** To do **
Nothing in the records below should be altered in the copy, although the pictures must be left out.

** The data **
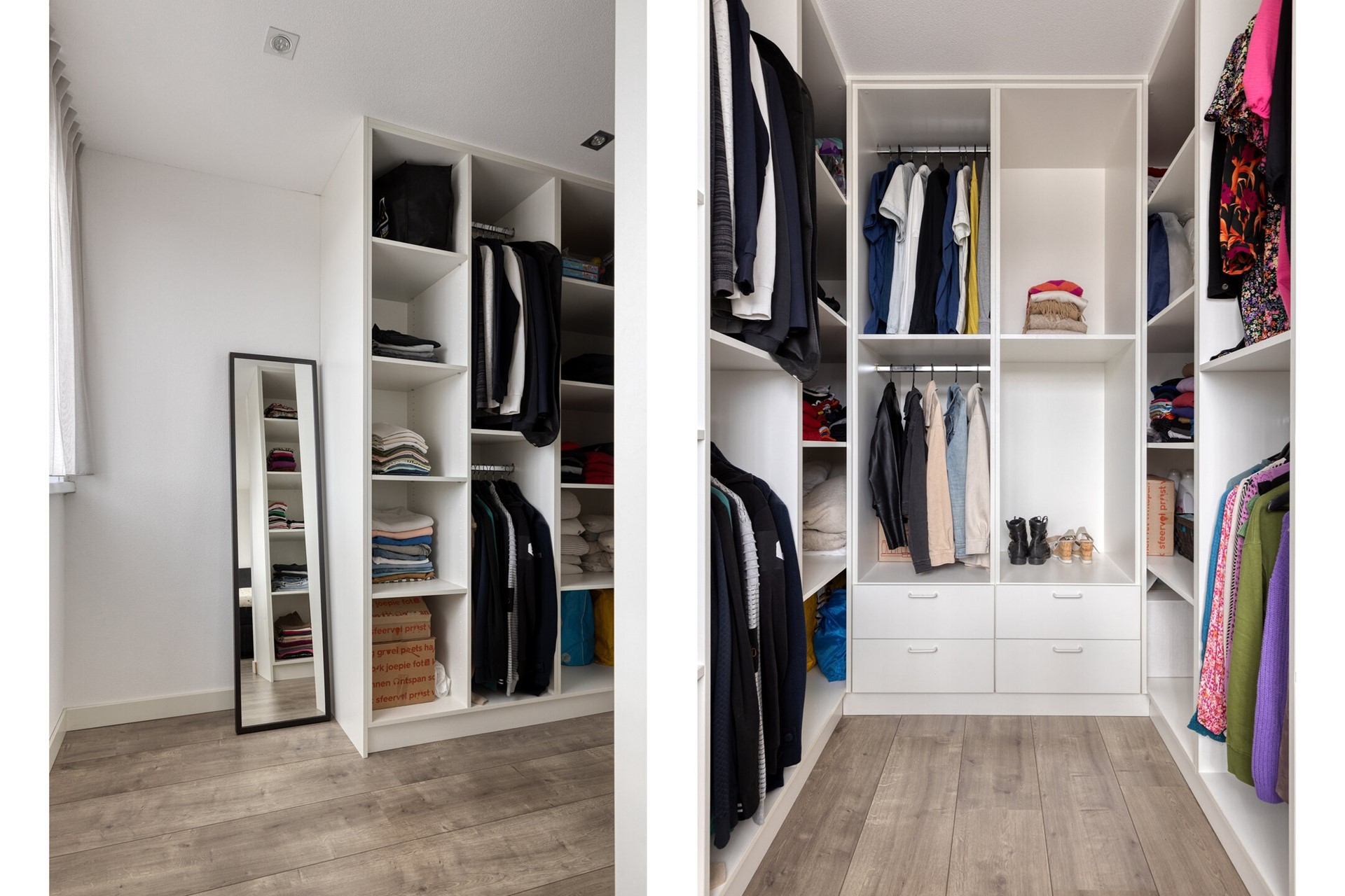 De eerste verdieping beschikt over een overloop, twee slaapkamers, inloopkast en een badkamer. De slaapkamers hebben afmetingen van ca. 10 m2 en ca. 14 m2. In de voormalige slaapkamer aan de achterzijde is een walk-in-closet gerealiseerd met een open verbinding naar de slaapkamer. De badkamer is vergroot en heeft een oppervlakte van ca. 5,6 m2. De badkamer is strak vormgegeven, keurig afgewerkt en beschikt over een inloopdouche, toilet en een dubbel wastafelmeubel.
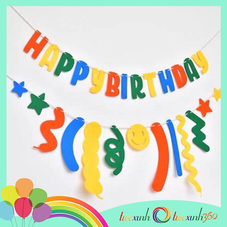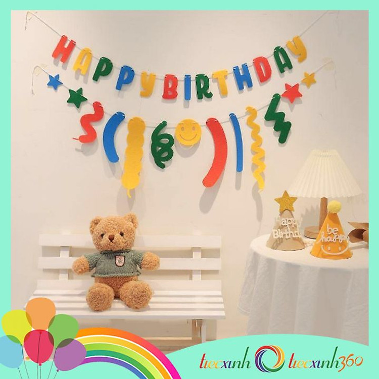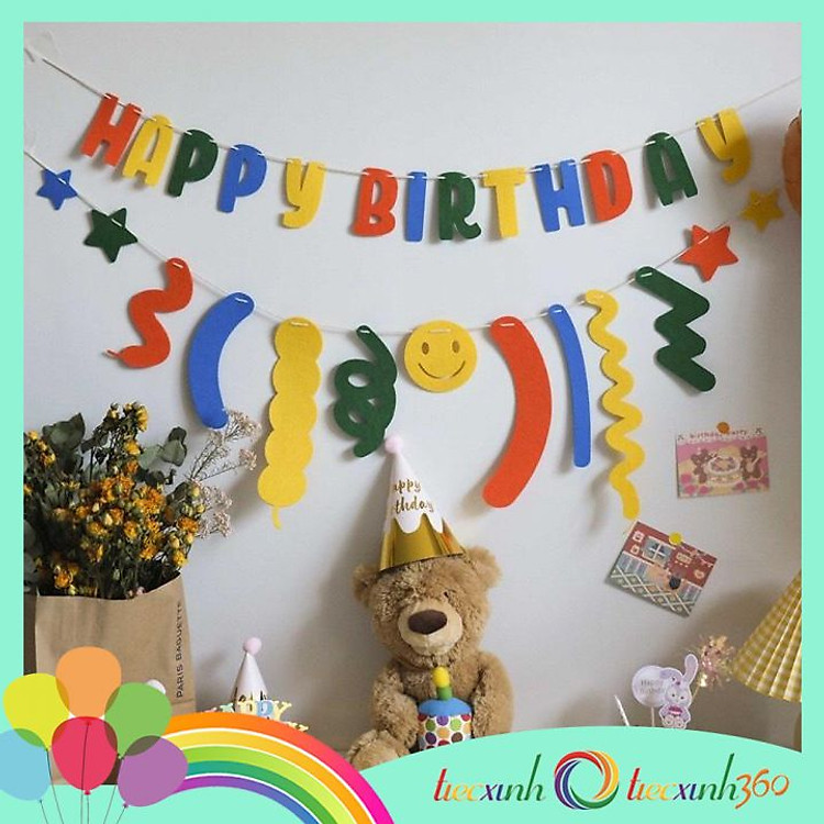 - Set phụ kiện trang trí sinh nhật “Happy Birthday” bằng vải nỉ.
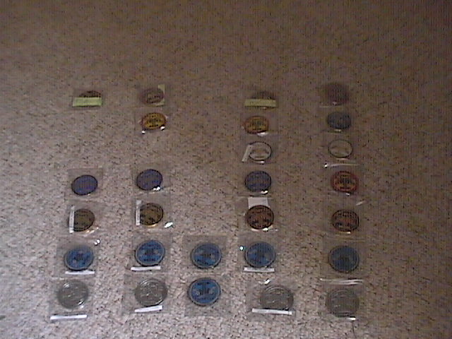 I have one full set with DL10 on them , One full set that is trackable and a few with GBCT on them......I would have 2 other full set if I hadn't sent several coins geocaching
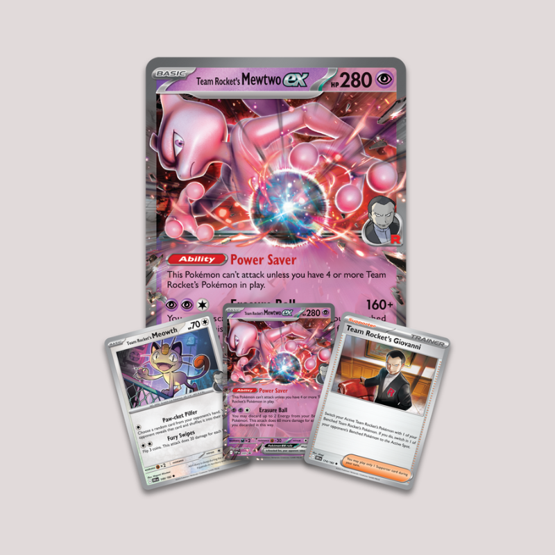 Wanneer Team Rocket’s Mewtwo ex wordt ondersteund door andere Team Rocket-Pokémon, kan zijn Erasure Ball-aanval tot wel 280 schade in één klap aanrichten.
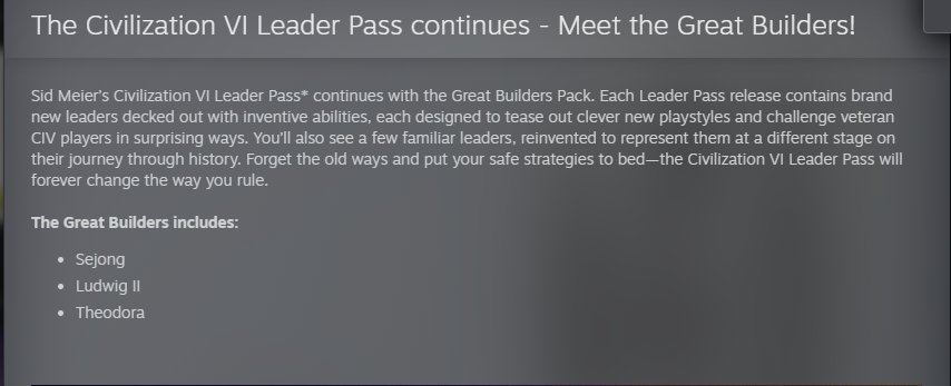>>1279185 Я иногда подумываю длц к шестой циве как-нибудь купить, но она залочена в моём регионе, а пиратить или искать обходные пути покупки мне лень, когда есть куча непоигранных игр на аккаунтах.
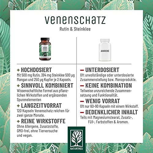 Rutin Steinklee Komplex 120 Kapseln – 500mg Rutin hochdosiert & 394mg Steinklee – Pflanzliche Alternative zu Venenkapseln Venentabletten – Vegan – Venenschatz von NATURTREU
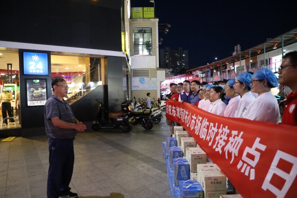 “大家辛苦了,感謝大家的辛勤付出!”在布心市場接種點,程時菊首先向全體工作人員致以誠摯的感謝,并叮囑他們要注意勞逸結合,做好自身防護。他強調(diào)全體工作人員面對艱苦的工作環(huán)境,沒有絲毫退縮,努力克服種種困難,始終以飽滿的熱情、昂揚的斗志,堅守崗位、加班加點、辛勤工作,每天圓滿完成了新冠疫苗接種清零任務。目前深圳疫情防控形勢嚴峻,希望大家繼續(xù)發(fā)揚攻堅克難、甘于奉獻的精神,全力加快新冠疫苗接種速度,為人民群眾的生命健康筑起堅實屏障。
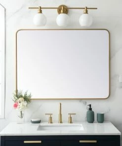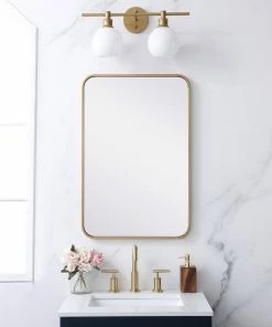 Buy 🎁 Elegant Furniture & Lighting Ellis Soft Corner Metal Rectangular Mirror, 20″x30″, Brass ❤️
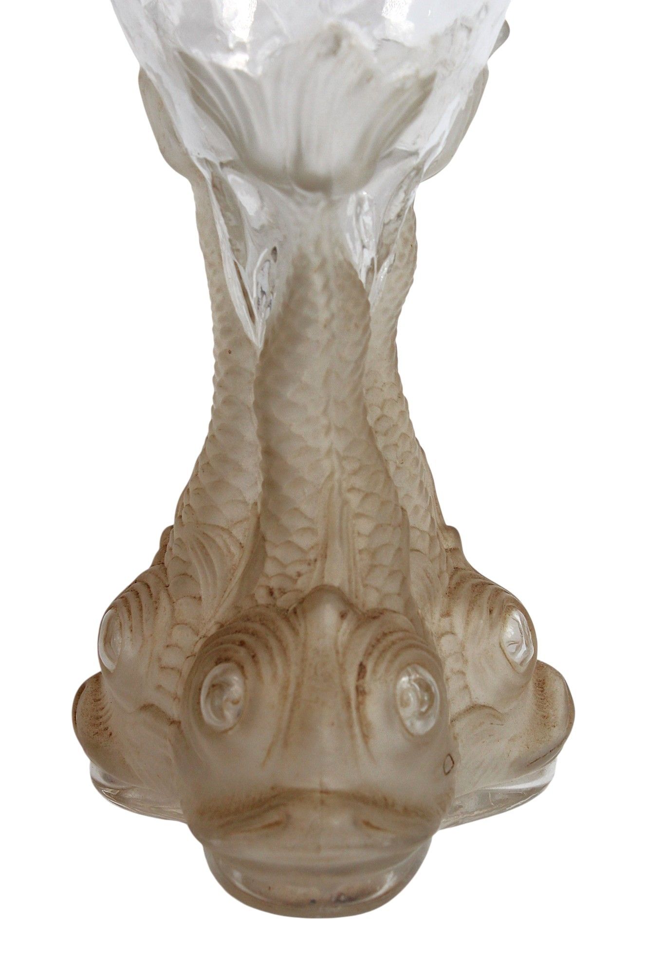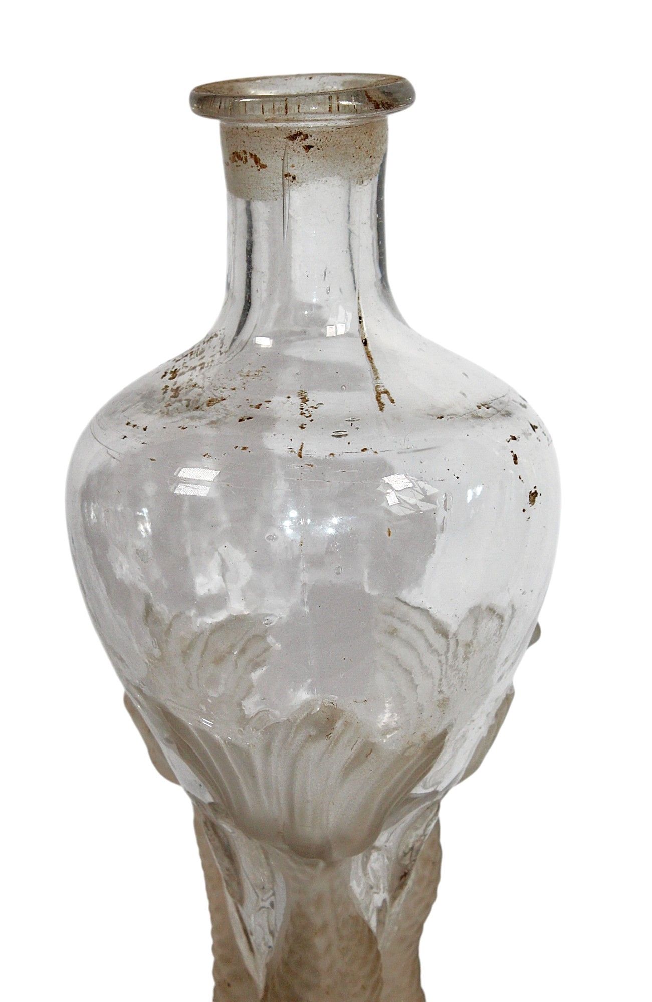 LEGRAS, Saint Denis glassworks, late 19th century, early 20th century, attributed to - A blown, moulded and partially frosted glass BOTTLE featuring three sea monsters, 26 cm high. No stopper.
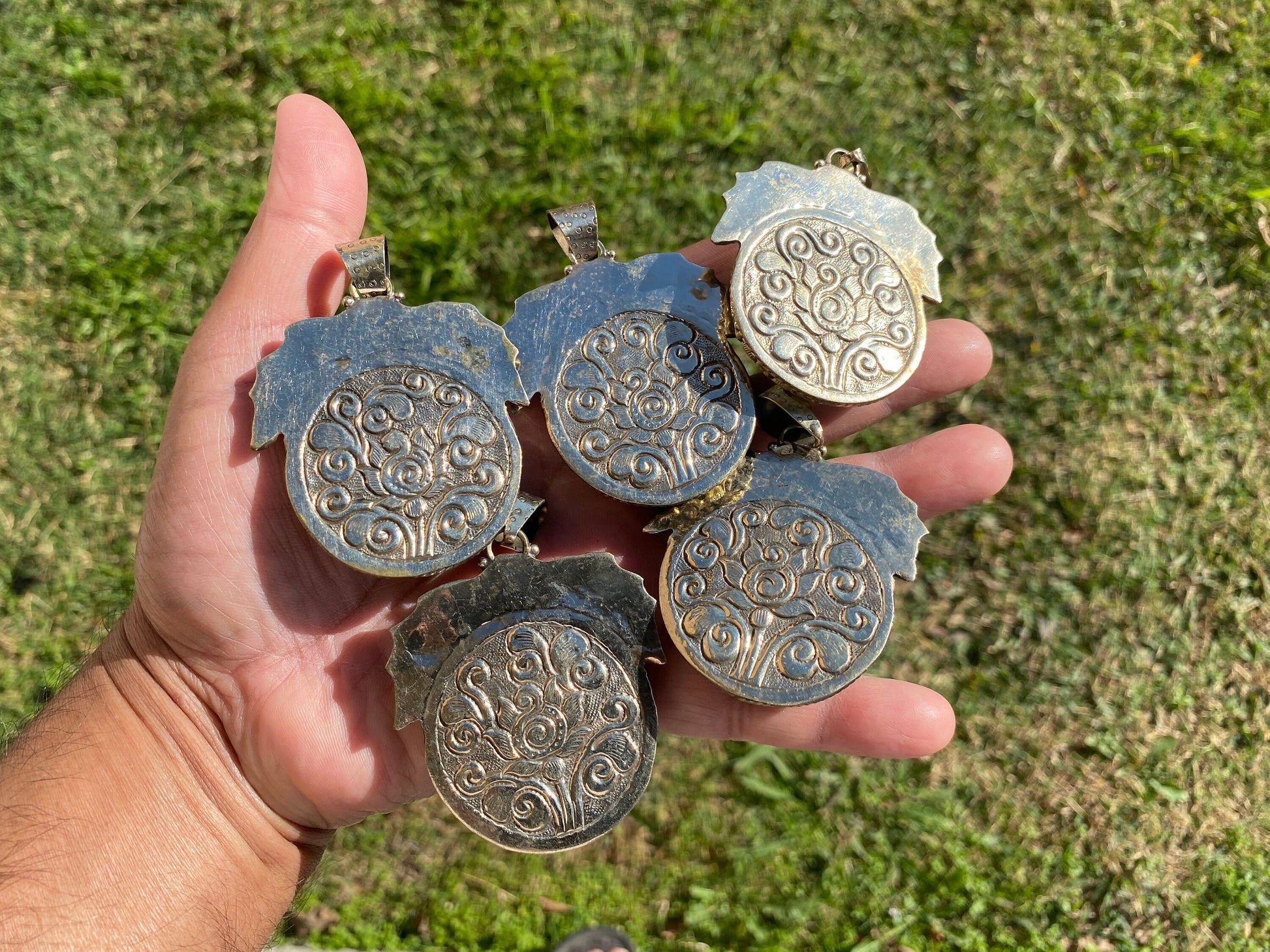 Measurement: approximately Length 75 mm (measuring from bail to bottom), width 53 mm from the widest side, bail size: 10 mm and weighs about 39.70 gm.Da: 0460Disclaimer: Items are handmade so please note: Each item is unique may have some small imperfections. There can be a slight difference in actual color than shown in picture.Images may appear enlarged or smaller. Please refer to the measurements given. ✤ Keep in mind:1. Product VarianceAs the jewelry is handmade in nature, the items may experience variance in texture, shape, color, and finish. This also comes with some imperfections, which sets them apart from jewelry made in a factory – that being said please read the description thoroughly and view the pictures before you make your final purchase. As always, please don’t hesitate to ask us if you have any questions as we are more than happy to provide you with utmost quality assurance.
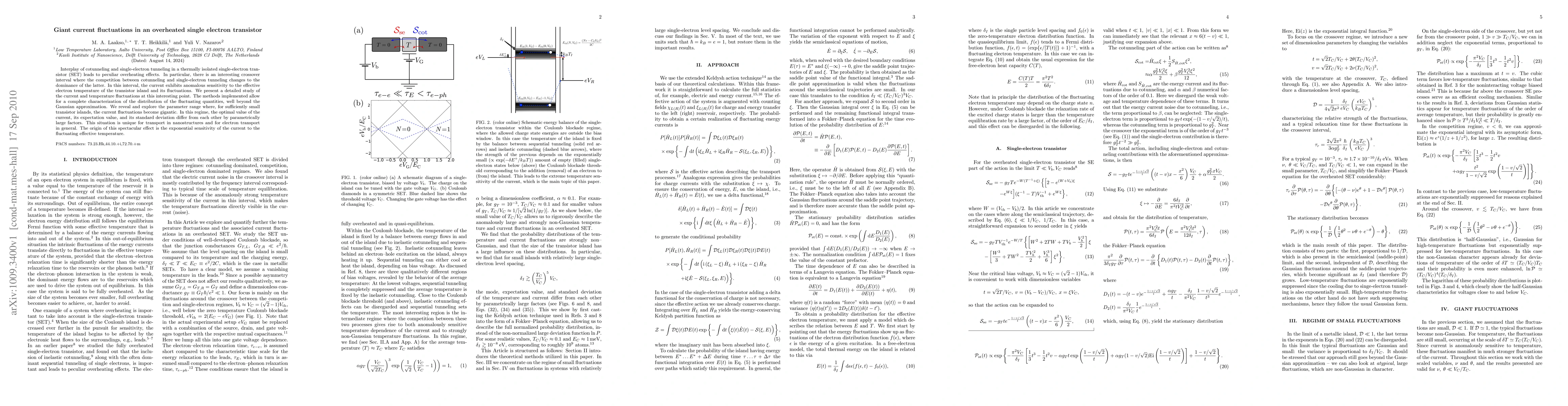 This paper investigates giant current fluctuations in an overheated single-electron transistor due to the interplay between cotunneling and single-electron tunneling. It reveals a regime where current fluctuations become exceptionally large, driven by the exponential sensitivity to temperature fluctuations, leading to a unique characterization of transport in nanostructures.
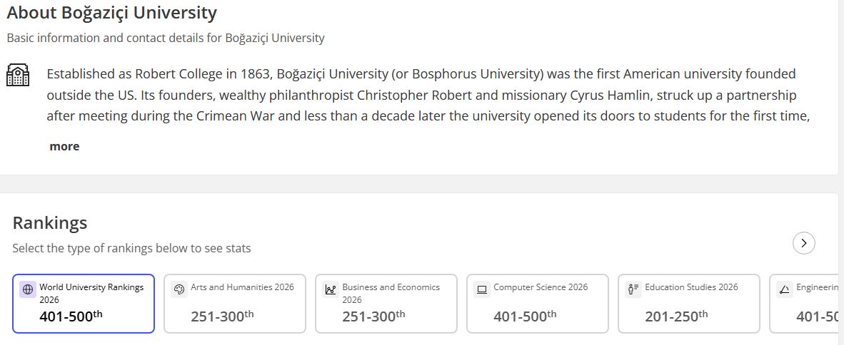 Alan bazlı sıralamalar, Düzce Üniversitesi’nin bazı disiplinlerde Boğaziçi Üniversitesi ile aynı bantlarda yer alabildiğini ortaya koydu. Boğaziçi Üniversitesi, THE 2026 genel sıralamasında 401. sırada bulunurken; mühendislik, bilgisayar bilimleri ve sosyal bilimlerde Türkiye’nin en güçlü üniversiteleri arasında yer alıyor.
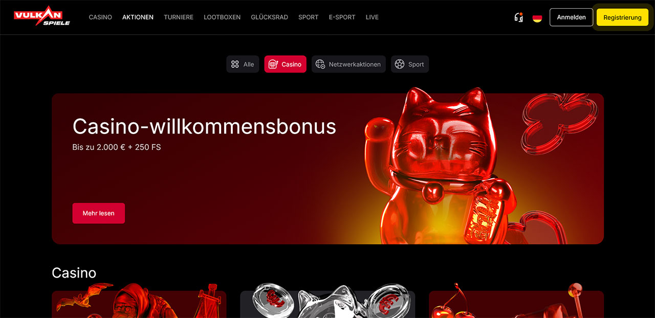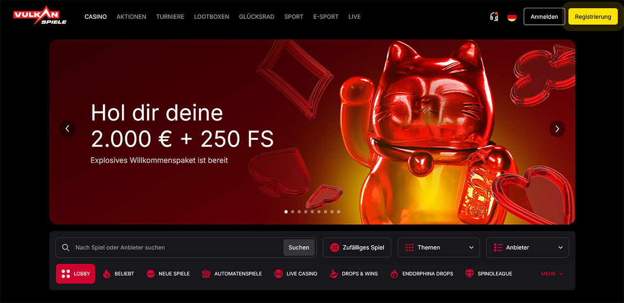 Besuchen Sie die Website von VulkanSpiele Casino, indem Sie auf den roten Button auf dieser Seite klicken, und registrieren Sie sich.
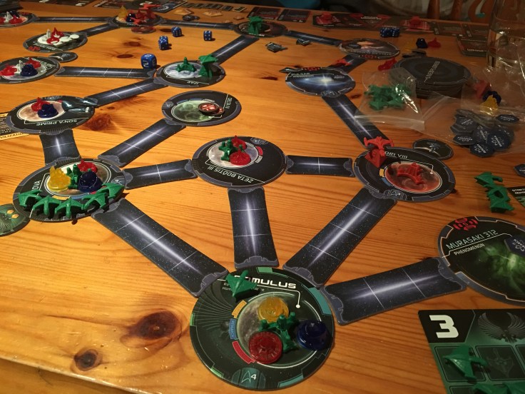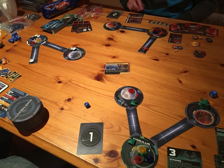 Three players no more no less take the roles of the Federation (sciencey, explorey), Klingons (warlikey, empire buildey), Romulans (fighty, sneaky). (Guess which one I played?). You start with a home world that produces culture (used for peaceful expansion), construction (building ships and bases), science (researching tech, upgrading weapons and shields). Each of the races are a little different and start with a basic Tech. There’s an interesting balance between the three and trade agreements give you a little boost in production. Alliances are fragile but with only three players forgiveness is key.

** Reply to the exercise **
 De eerste verdieping beschikt over een overloop, twee slaapkamers, inloopkast en een badkamer. De slaapkamers hebben afmetingen van ca. 10 m2 en ca. 14 m2. In de voormalige slaapkamer aan de achterzijde is een walk-in-closet gerealiseerd met een open verbinding naar de slaapkamer. De badkamer is vergroot en heeft een oppervlakte van ca. 5,6 m2. De badkamer is strak vormgegeven, keurig afgewerkt en beschikt over een inloopdouche, toilet en een dubbel wastafelmeubel.
 - Set phụ kiện trang trí sinh nhật “Happy Birthday” bằng vải nỉ.
 I have one full set with DL10 on them , One full set that is trackable and a few with GBCT on them......I would have 2 other full set if I hadn't sent several coins geocaching
 Wanneer Team Rocket’s Mewtwo ex wordt ondersteund door andere Team Rocket-Pokémon, kan zijn Erasure Ball-aanval tot wel 280 schade in één klap aanrichten.
>>1279185 Я иногда подумываю длц к шестой циве как-нибудь купить, но она залочена в моём регионе, а пиратить или искать обходные пути покупки мне лень, когда есть куча непоигранных игр на аккаунтах.
 Rutin Steinklee Komplex 120 Kapseln – 500mg Rutin hochdosiert & 394mg Steinklee – Pflanzliche Alternative zu Venenkapseln Venentabletten – Vegan – Venenschatz von NATURTREU
 “大家辛苦了,感謝大家的辛勤付出!”在布心市場接種點,程時菊首先向全體工作人員致以誠摯的感謝,并叮囑他們要注意勞逸結合,做好自身防護。他強調(diào)全體工作人員面對艱苦的工作環(huán)境,沒有絲毫退縮,努力克服種種困難,始終以飽滿的熱情、昂揚的斗志,堅守崗位、加班加點、辛勤工作,每天圓滿完成了新冠疫苗接種清零任務。目前深圳疫情防控形勢嚴峻,希望大家繼續(xù)發(fā)揚攻堅克難、甘于奉獻的精神,全力加快新冠疫苗接種速度,為人民群眾的生命健康筑起堅實屏障。
 Buy 🎁 Elegant Furniture & Lighting Ellis Soft Corner Metal Rectangular Mirror, 20″x30″, Brass ❤️
 LEGRAS, Saint Denis glassworks, late 19th century, early 20th century, attributed to - A blown, moulded and partially frosted glass BOTTLE featuring three sea monsters, 26 cm high. No stopper.
 Measurement: approximately Length 75 mm (measuring from bail to bottom), width 53 mm from the widest side, bail size: 10 mm and weighs about 39.70 gm.Da: 0460Disclaimer: Items are handmade so please note: Each item is unique may have some small imperfections. There can be a slight difference in actual color than shown in picture.Images may appear enlarged or smaller. Please refer to the measurements given. ✤ Keep in mind:1. Product VarianceAs the jewelry is handmade in nature, the items may experience variance in texture, shape, color, and finish. This also comes with some imperfections, which sets them apart from jewelry made in a factory – that being said please read the description thoroughly and view the pictures before you make your final purchase. As always, please don’t hesitate to ask us if you have any questions as we are more than happy to provide you with utmost quality assurance.
 This paper investigates giant current fluctuations in an overheated single-electron transistor due to the interplay between cotunneling and single-electron tunneling. It reveals a regime where current fluctuations become exceptionally large, driven by the exponential sensitivity to temperature fluctuations, leading to a unique characterization of transport in nanostructures.
 Alan bazlı sıralamalar, Düzce Üniversitesi’nin bazı disiplinlerde Boğaziçi Üniversitesi ile aynı bantlarda yer alabildiğini ortaya koydu. Boğaziçi Üniversitesi, THE 2026 genel sıralamasında 401. sırada bulunurken; mühendislik, bilgisayar bilimleri ve sosyal bilimlerde Türkiye’nin en güçlü üniversiteleri arasında yer alıyor.
 Besuchen Sie die Website von VulkanSpiele Casino, indem Sie auf den roten Button auf dieser Seite klicken, und registrieren Sie sich.
 Three players no more no less take the roles of the Federation (sciencey, explorey), Klingons (warlikey, empire buildey), Romulans (fighty, sneaky). (Guess which one I played?). You start with a home world that produces culture (used for peaceful expansion), construction (building ships and bases), science (researching tech, upgrading weapons and shields). Each of the races are a little different and start with a basic Tech. There’s an interesting balance between the three and trade agreements give you a little boost in production. Alliances are fragile but with only three players forgiveness is key.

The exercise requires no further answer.